[Opening DATASET EXTRACT section]

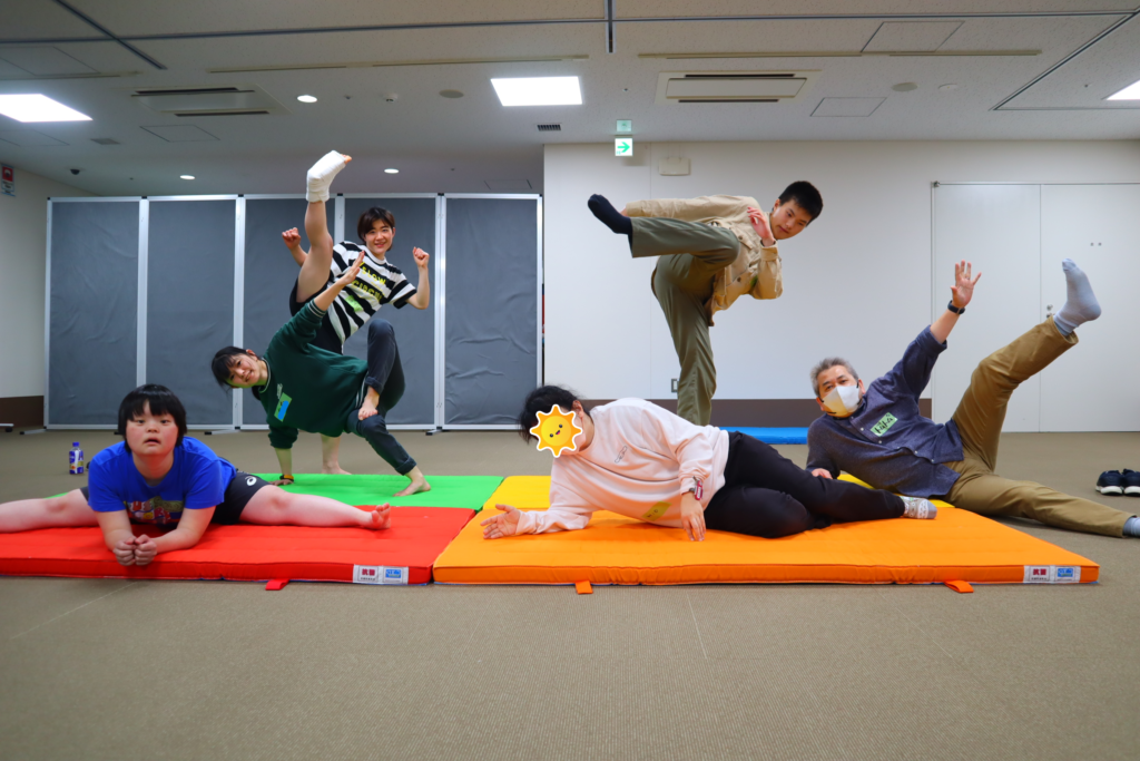 最後は参加者の皆さんで集まっての集合写真です。今日習得した柔軟技のなかから、それぞれ好きなポーズを取ってくれました。
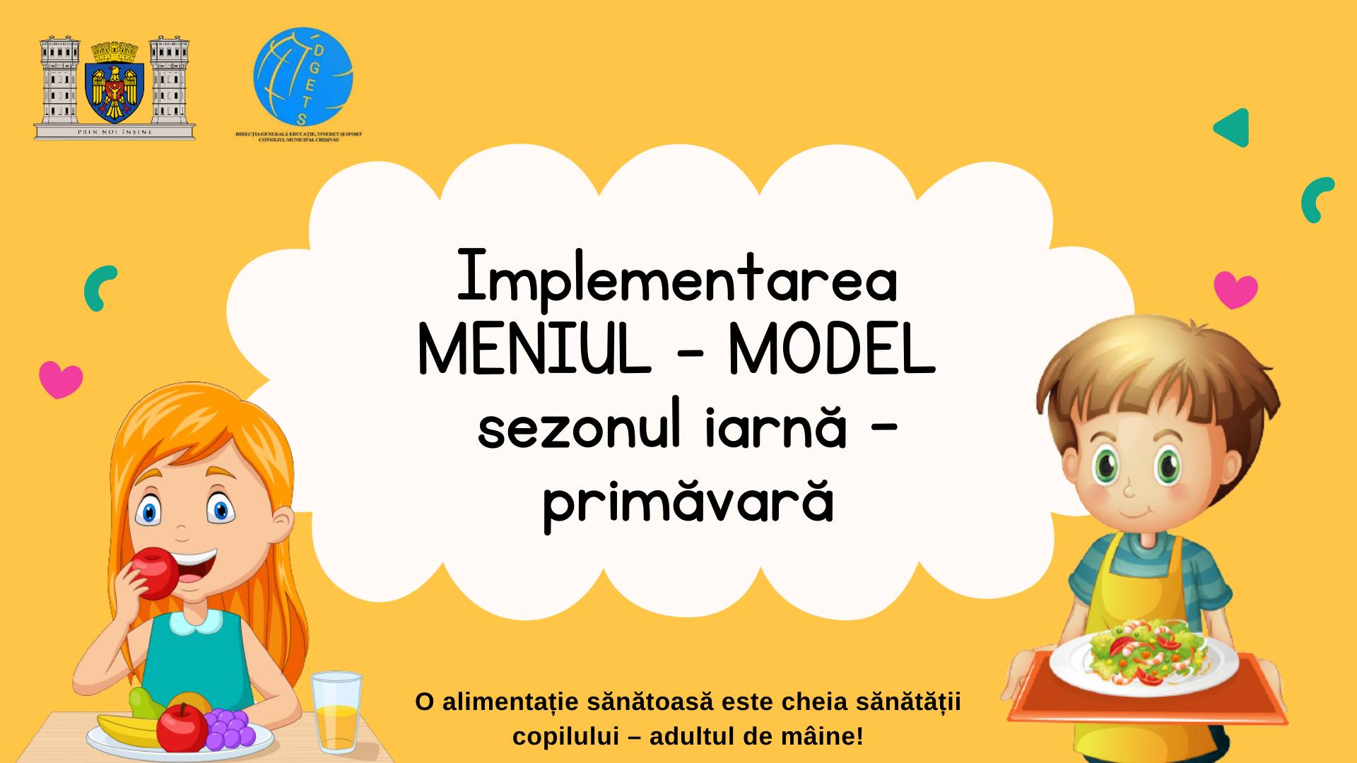Direcția Generală Educație Tineret și Sport a Consiliului municipal Chișinău vă informează că, începând de astăzi, 01 decembrie 2021, se va implementa MENIUL – MODEL unic de către toate instituțiile de educație timpurie din orașul Chișinău.
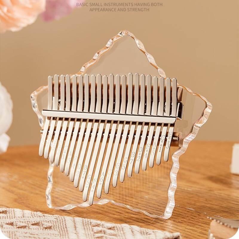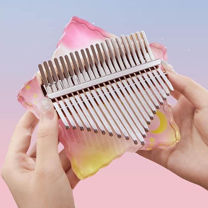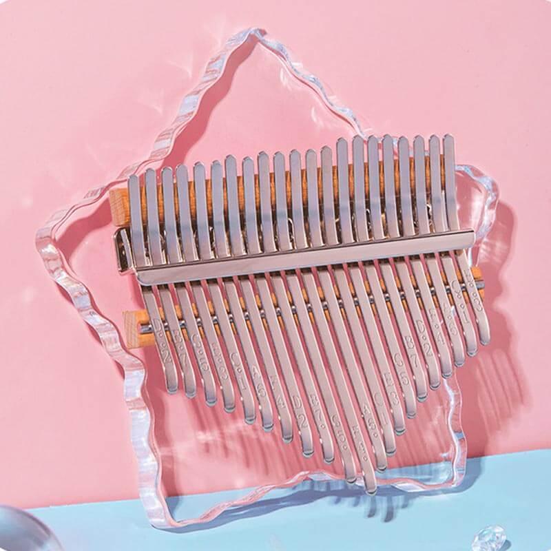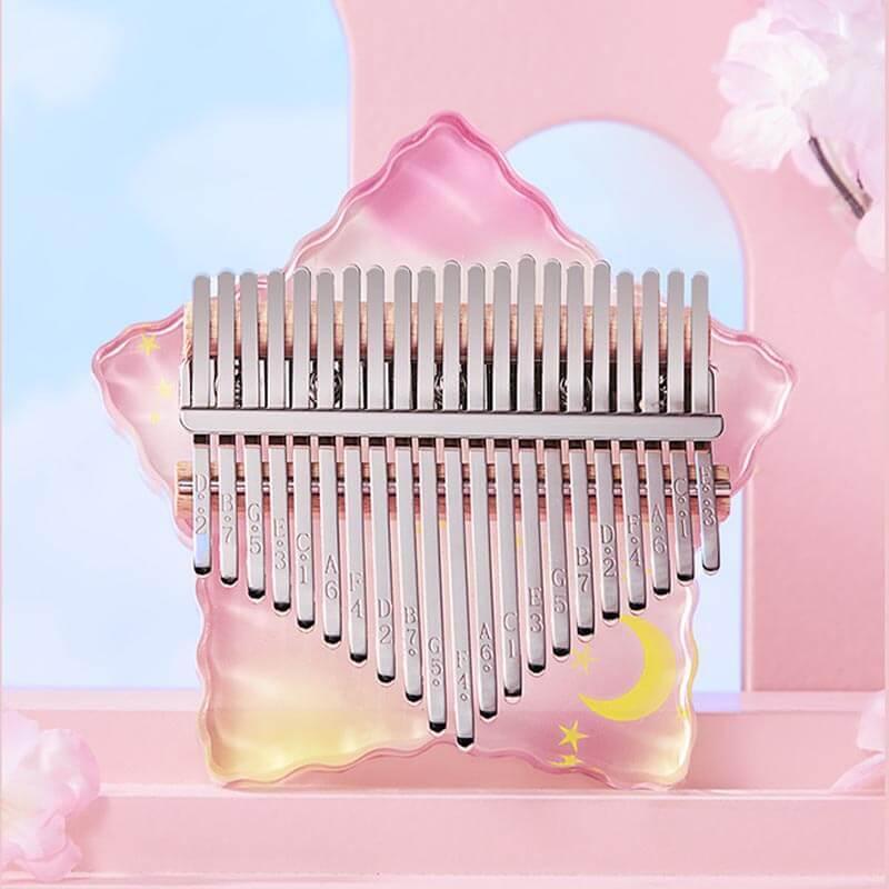 • Les Kalimbas en acrylique (à mon avis) sonnent plus près d'une boîte à musique traditionnelle, avec des tons clairs et chauds. Ils sonnent merveilleusement lors de la lecture de chansons douces ou de berceuses.

[Closing DATASET EXTRACT section]

Give back an exact repeat of the lines from the top of the data through the line that holds "Direcția Generală Educație", both included, and omit pictures.

RESULT BELOW |
 最後は参加者の皆さんで集まっての集合写真です。今日習得した柔軟技のなかから、それぞれ好きなポーズを取ってくれました。
Direcția Generală Educație Tineret și Sport a Consiliului municipal Chișinău vă informează că, începând de astăzi, 01 decembrie 2021, se va implementa MENIUL – MODEL unic de către toate instituțiile de educație timpurie din orașul Chișinău.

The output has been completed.